(RECORDS FOR THIS EXERCISE begins)

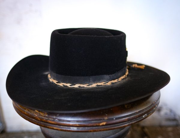 Description: Our version of the iconic Johnny Ringo hat from Tombstone. This hat is a little wild, a little western, and all fun. With an asymmetrical telescope top and a mean kick over the shooting eye, you will feel just like Johnny Ringo himself.
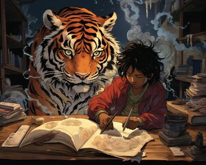 A dimly lit attic filled with old books serves as a hidden sanctuary where an author brings stories to life.
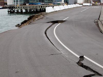 当地时间2013年7月22日,新西兰惠灵顿,地震导致路面断裂。 当地时间2013年7月...
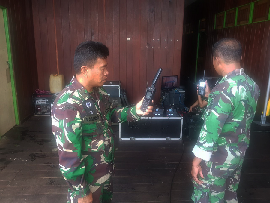 Tim Satkomlek TNI dibawah pimpinan Kapten Chb Edy Sunanto, melakukan pemasangan dan gelar alat komunikasi dari Posko Satgaskes TNI yang terhubung dengan seluruh distrik Kabupaten Asmat, Senin (5/2/2018).
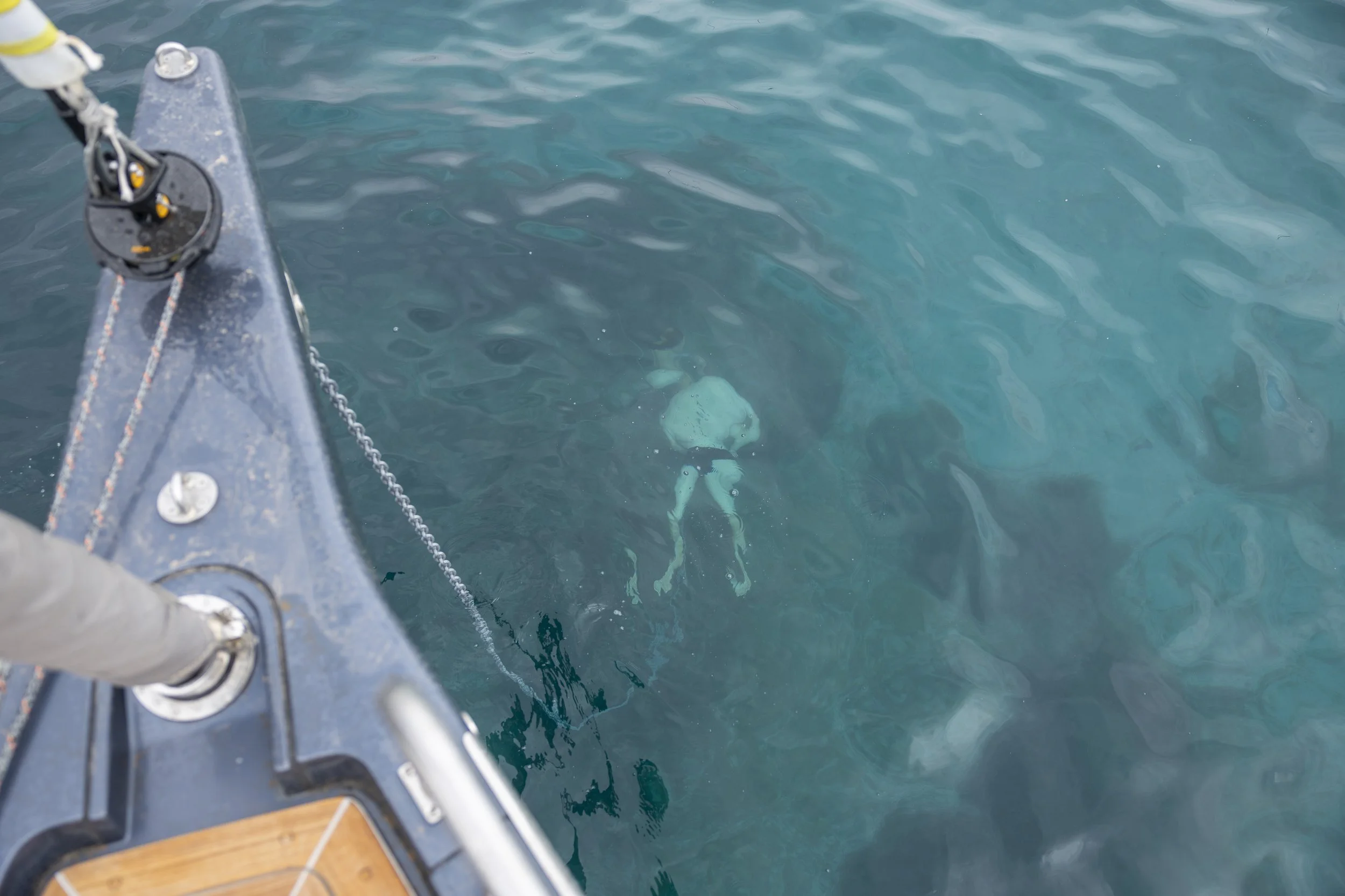 Wouter trekt zich aan het ankertouw naar beneden om de grip van het anker te inspecteren, maar 7m is iets te ambitieus. Dat belet ons niet van het water te genieten, ondanks de wisselvallige weersomstandigheden.

(RECORDS FOR THIS EXERCISE ends)

WHAT THIS TASK INVOLVES ::
In the records above, find the line with "A dimly lit" and copy from it through the last line exactly, without the pictures.

RESPONSE TO THIS TASK ::
 A dimly lit attic filled with old books serves as a hidden sanctuary where an author brings stories to life.
 当地时间2013年7月22日,新西兰惠灵顿,地震导致路面断裂。 当地时间2013年7月...
 Tim Satkomlek TNI dibawah pimpinan Kapten Chb Edy Sunanto, melakukan pemasangan dan gelar alat komunikasi dari Posko Satgaskes TNI yang terhubung dengan seluruh distrik Kabupaten Asmat, Senin (5/2/2018).
 Wouter trekt zich aan het ankertouw naar beneden om de grip van het anker te inspecteren, maar 7m is iets te ambitieus. Dat belet ons niet van het water te genieten, ondanks de wisselvallige weersomstandigheden.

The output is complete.